Skillv0.0.0

ClawScan security

5gc · ClawHub's context-aware review of the artifact, metadata, and declared behavior.

Scanner verdict

SuspiciousApr 21, 2026, 3:41 AM

Verdict: suspicious
Confidence: medium
Model: gpt-5-mini
Summary: The skill's code matches its stated purpose (Playwright automation of a 5GC web dashboard) but the package contains baked-in login/session artifacts and other conveniences that are disproportionate and risky — proceed only after inspection and cleanup.
Guidance: This skill does what it says (browser automation of a 5GC web UI) but the package bundles active login/session credentials and a storageState JSON that contains cookies and an auth token for the target dashboard. Those embedded secrets are the main red flag: they can be reused to access or modify the dashboard and could leak if the skill is shared. Before installing or running: 1) Inspect and remove the .sessions/ storageState file and any hard-coded credentials in the scripts; 2) Replace them with your own credentials or a prompt-based login flow; 3) Run the code in an isolated environment/lab network (don’t run it from a machine with access to production networks); 4) Rotate/change any credentials that came with the bundle or that were used during tests; 5) If you must accept the bundled credentials for testing, treat them as compromised and do not use in production.
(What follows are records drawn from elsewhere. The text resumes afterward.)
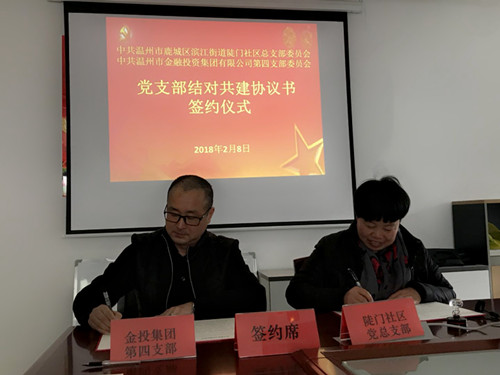 為加強國有企業(yè)基層黨組織與社區(qū)黨組織的聯(lián)系,共同推進城市社區(qū)和國企黨建工作。2月8日下午,溫州市金投集團第四黨支部與濱江街道陡門社區(qū)黨總支部舉行結對共建簽約儀式,簽訂共建協(xié)議書。雙方將通過宣傳教育、文明交通、環(huán)境秩序、公益活動等開展共建互動。...
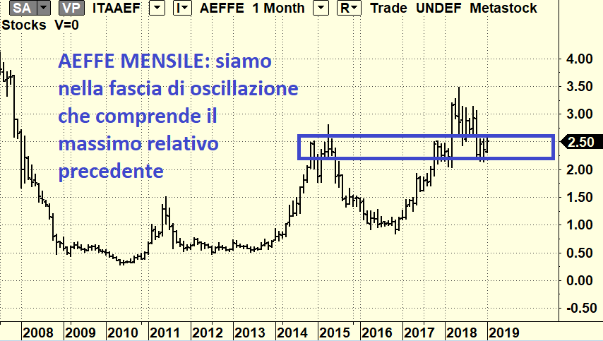 Tecnicamente siamo sul massimo storico del 2015 (pull back) ma in una situazione di bilancio completamente diversa perché abbiamo forza nella crescita della redditività. Di seguito il grafico mensile:
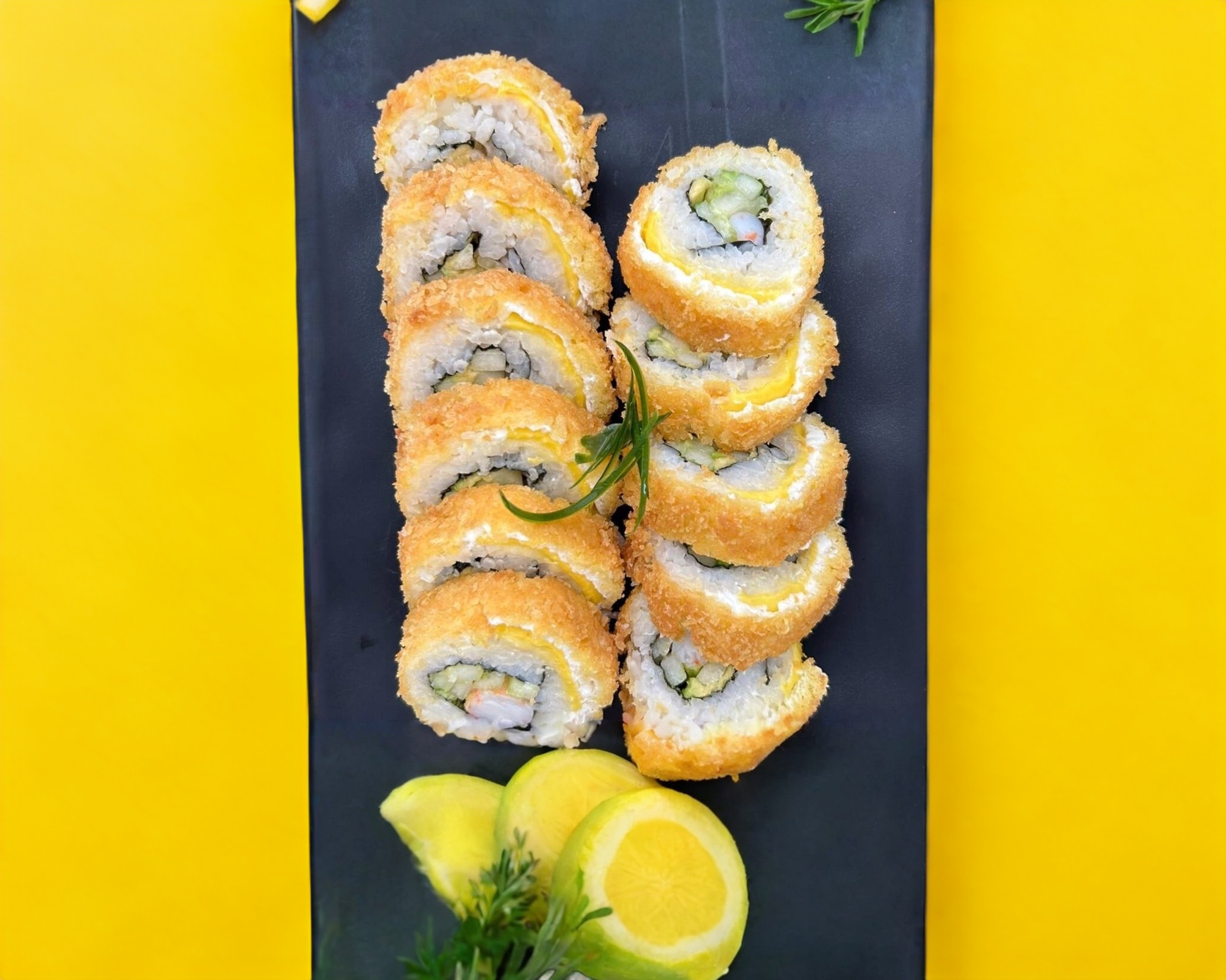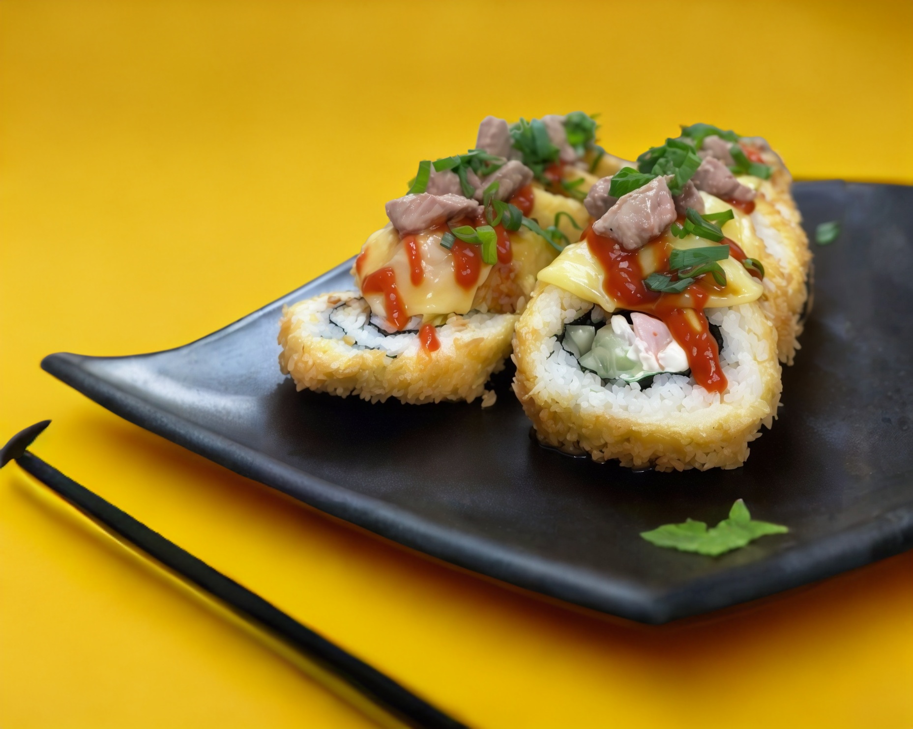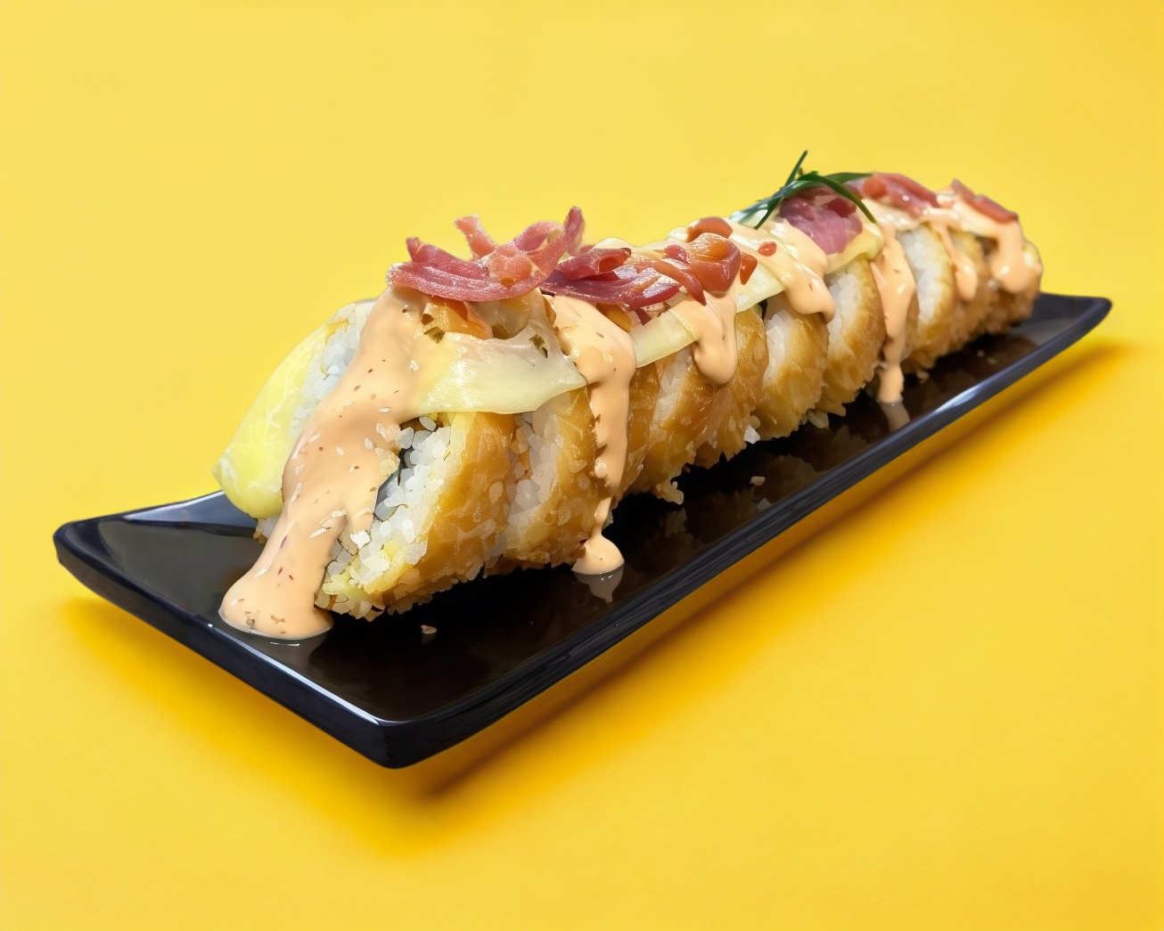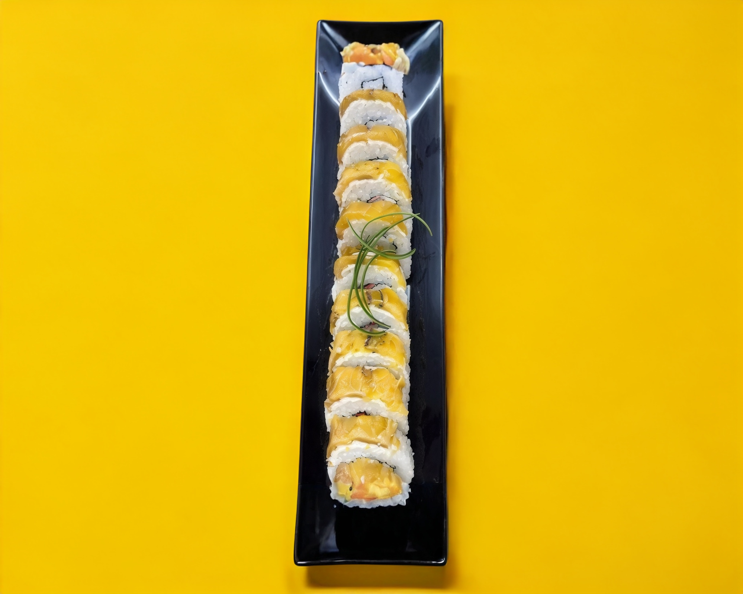 Sushi gigante empanizado por fuera, por dentro aguacate, pepino, philadelphia, camarón y tocino. Por fuera coronado con queso gratinado, res, salsa de anguila sriracha y cebollín
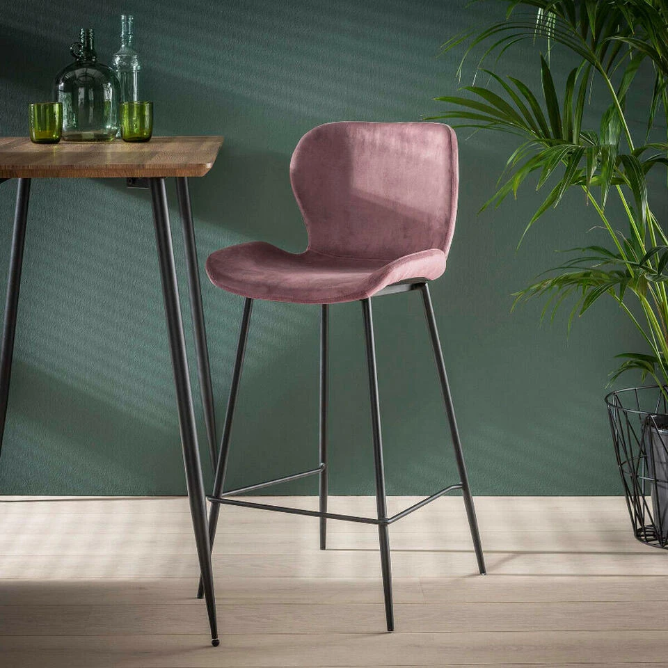 Bent u op zoek naar een moderne, stijlvolle en stoere barstoel? Dan is barstoel Verona een perfecte keuze! Deze barstoel is uitgerust met een heerlijke kuipzitting en is geheel bekleed met een zachte roze velours stof. Om deze stoel helemaal af te maken, rust de zitting op een zwart gepoedercoat metalen onderstel met een voetensteun. Barstoel Verona is ook verkrijgbaar met een zitting in het donkergrijs, groen, blauw, goud en champagne. Deze barkruk is te bestellen per vier stuks in dezelfde kleur. De prijs op de website wordt altijd weergegeven per stuk. Zithoogte: 67 cm.

If you want help locating the exact files/lines to change (session JSON, CONFIG.credentials in scripts), provide permission and I can point them out.
Findings: [base64-block] unexpected: The pre-scan flagged a base64-like block in SKILL.md/content. Base64 blocks in skill instructions are often associated with prompt-injection attempts or embedded opaque payloads; here the bundle also contains storageState tokens (base64-looking fields) and that likely triggered the rule. This is not necessary for describing runtime behavior and is unexpected.

Review Dimensions

Purpose & Capability: noteThe name/description (5GC web dashboard automation) aligns with the provided scripts: many Playwright-based add/edit scripts and a CLI wrapper implement the claimed features. However, the bundle embeds a default target URL and login credentials/session storage for the dashboard (https://192.168.3.89, dotouch@dotouch.com.cn/dotouch and a storageState JSON). Including active credentials/session tokens in the shipped package is not necessary for the stated functionality and is disproportionate.
Instruction Scope: concernSKILL.md and scripts instruct the agent to run local Node.js/Playwright scripts against a web dashboard, reuse a .sessions/ storageState file, and perform bulk edits that can change network elements. The runtime instructions explicitly reuse and persist login/session state (.sessions/ directory) and include hard-coded credentials; this increases the risk of unintended access or credential leakage. Instructions otherwise stick to the dashboard domain and local test artifacts and do not appear to request unrelated system data, but the session reuse behavior broadens scope.
Install Mechanism: noteThere is no remote install/download; the skill is instruction + many local JS scripts. It requires Node.js and Playwright (documented), which is expected for browser automation. No external arbitrary download URLs or archive extraction were used in the install step, lowering install risk.
Credentials: concernThe skill declares no required environment variables, but the code includes embedded credentials (email/password) and a storageState JSON with cookies/localStorage auth tokens for the dashboard. Shipping active credentials/session tokens inside the skill bundle is disproportionate and dangerous: anyone with the skill can reuse those tokens to access the target dashboard or exfiltrate data. The scripts also accept an arbitrary --url so they could be pointed at other hosts, which is functionally necessary but increases abuse potential if credentials/session are reused.
Persistence & Privilege: notealways is false and model invocation is normal. The skill persists its own session files under its .sessions/ folder and writes test_results locally. It does not appear to modify other skills or global agent settings. Persisting session state inside the skill directory is expected for convenience but is a persistence risk because those files contain sensitive tokens.